The structural system is a set of interconnected vertical and horizontal load-bearing structures of the building, providing its strength, rigidity and stability.
The building system of the building determines the material of the structures and the method of its erection .
Most industrial buildings have a framework structural system.
This is due to the presence in many industrial buildings of large concentrated loads, shocks and shocks from technological and crane equipment, large glazing areas.
The framework of a one-story industrial building is a spatial system consisting of transverse frames united within each temperature block by coating plates, bonds, sometimes building structures, etc.
Transverse frames consist of columns and rafters (girders).
The method of connecting the crossbar to the columns can be rigid and hinged, and the columns to the foundations, as a rule, rigid .
Hinged connection of girders with columns facilitates their independent typification and unification .
The frame design scheme ensures the free layout of the premises, maximum unification of the prefabricated elements and the most economical solution of both single-storey and multi-storey buildings.
When assigning enclosing structures, they are guided primarily by ensuring the necessary heat protection requirements.
In a given climatic area of construction, they must provide min. heat loss in the cold period of the year and prevent overheating in the summer .
Bearing and enclosing structures of production buildings shall be designed using unified prefabricated elements of industrial manufacture.
The structural diagram of the building should provide maximum "flexibility" of the internal space, i.e., not filled with its vertical load-bearing structures.
3.1. Structural diagram of the building
The one-story industrial building has three parallel spans and one perpendicular. The spans are separated from each other by rows of columns with a pitch of 6 meters. The building is made with bridge cranes with a lifting capacity of 20/5 tons.
Reference columns to cross-laying axes: the first and last columns of each longitudinal row within each temperature block have a reference to the transverse axis equal to 500 mm. Middle columns snap to axes in the middle.

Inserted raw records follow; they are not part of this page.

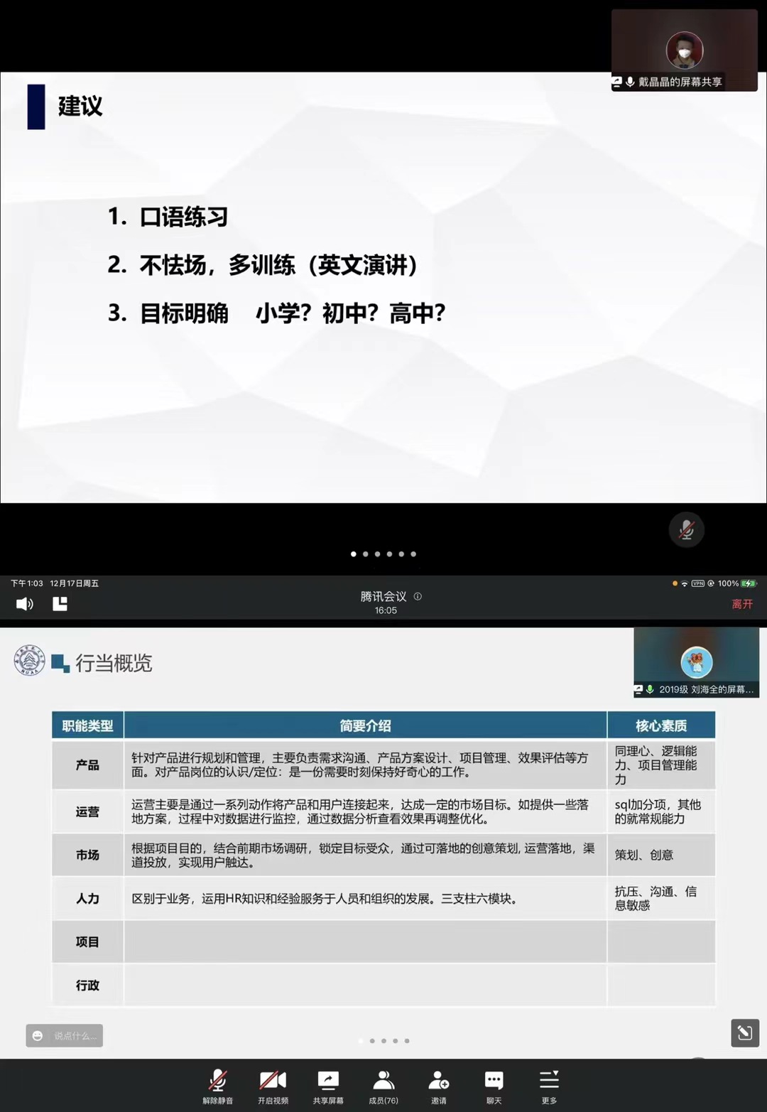 12月17日,必威西汉姆联面向2021级研究生开展了“职”引未来,共语研途线上公开月讲评,本次月讲评由研究生兼职辅导员李艳红主持召开,2021级全体同学参加,旨在为研一同学职业规划提供建议与指导。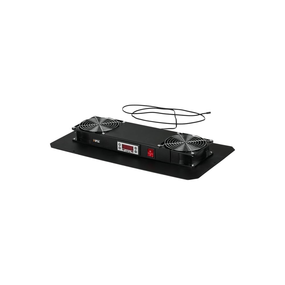 Вентиляторный блок TLK, 2 вентилятора с терморегулятором и датчиком, BK TLК-FAN2-TERM-BK устанавливается в телекоммуникационный шкаф. Предназначен для охлаждения активного оборудования. Блоки устанавливаются в специальные ниши в крышах настенных шкафов TLK серий TWA, TWC. Разъем питания на вентиляторном блоке типа IEC-60320 C14.
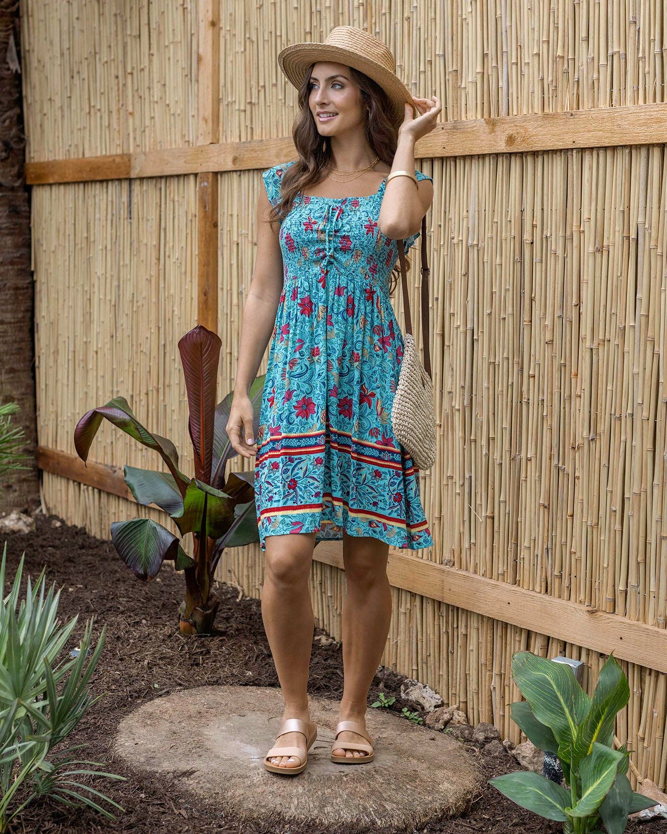 Border Print Smocked Dress in Blue Floral Print | Blue Floral Dress Flowy, feminine, fabulous! Introducing the Border Print Smocked Dress in an ultra-summery blue floral print. This beauty features a smocked bodice with a functional drawstring to create a flattering silhouette of your choice, while the elastic flutter sleeves give you the option to style it on- or off-shoulder. All in a beautiful summery floral design! Why you’ll love it: * Border print smocked dress in blue floral pattern * Smocked bust with functional drawstring for custom fit * Ultra-feminine flutter sleeves can be worn on- or off-shoulder * Pair this gorgeous summer dress with your favorite sandals and accessorize with jewelry for an effortlessly elevated look!

Reference columns to longitudinal layout axes: the columns of the outermost rows have a reference "0," which is used for all frame materials in crane-free buildings, in buildings with suspended and bridge cranes with a carrying capacity of up to 30 tons, a column pitch of 6 meters and a building height of up to 14.4 meters.

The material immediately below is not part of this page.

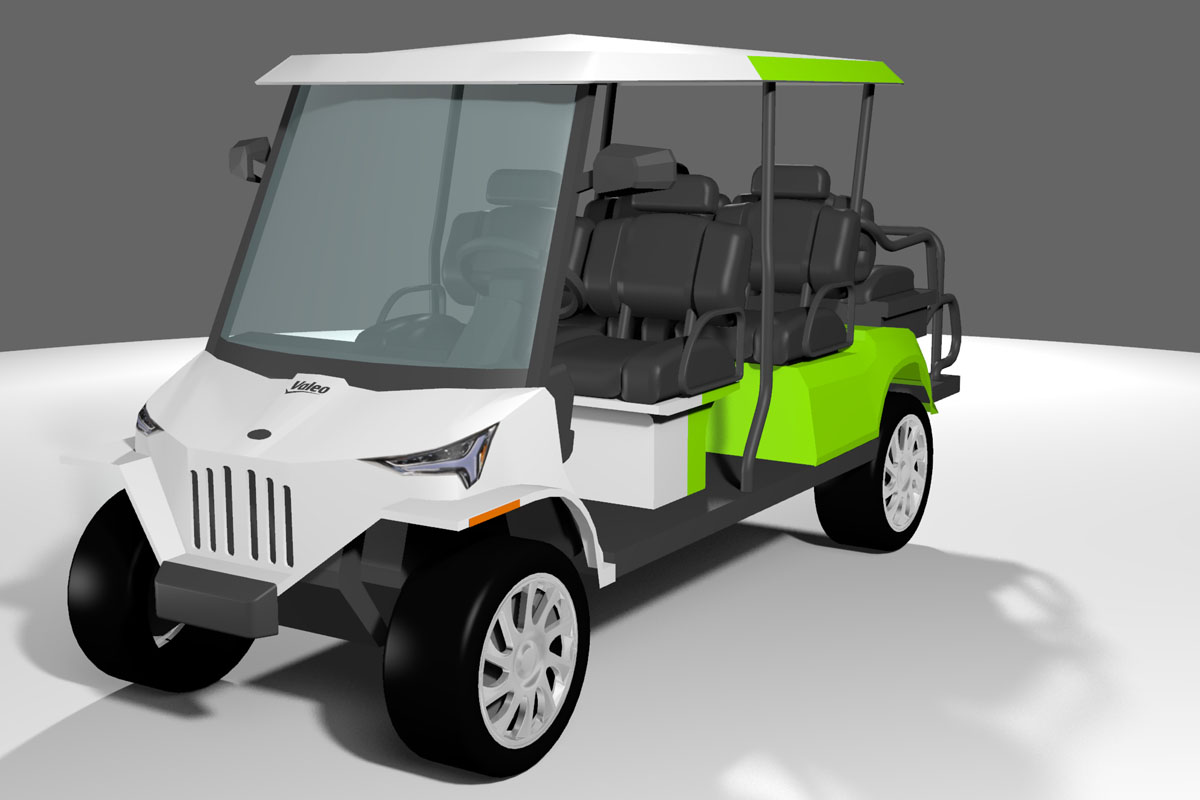 リジッドアクスルに一体化したヴァレオ48V駆動システムのパフォーマンスを体感できるデモカー。リジッドアクスルと呼ばれる車体の構造部品に電動モーターやギアボックスなどの駆動系部品をモジュールとして組み込むことにより、ゴルフカートや小型ユーティリティビークルなどの小型EV向けのアフォーダブルでシンプルかつ堅牢な電動化ソリューションだ。

Column grid: spans 24 and 30 m, room height 10.8 m
Coating layout: Coating plates are laid directly on the truss where they are attached to each other with embedded parts.
Rafter trusses are used for spans 18.. 36 m, in this case spans 24 and 30 m a rafter truss is used .
Division of the building into temperature blocks: With a large length in the transverse and longitudinal directions, the building is divided by temperature joints into separate blocks. The length of this building in the longitudinal direction is 96 m, therefore it is divided into two temperature blocks separated by a temperature joint. Their main purpose is to reduce additional forces in the columns from forced movements of longitudinal and transverse elements of the building due to changes in ambient air temperature and shrinkage of concrete .
3.3. Colons
In this project, at the extreme longitudinal axes, columns 6K1081 are reinforced concrete for buildings with a height of 8.4; 9.6 and 10.8 m (series 1.424.1-5 ).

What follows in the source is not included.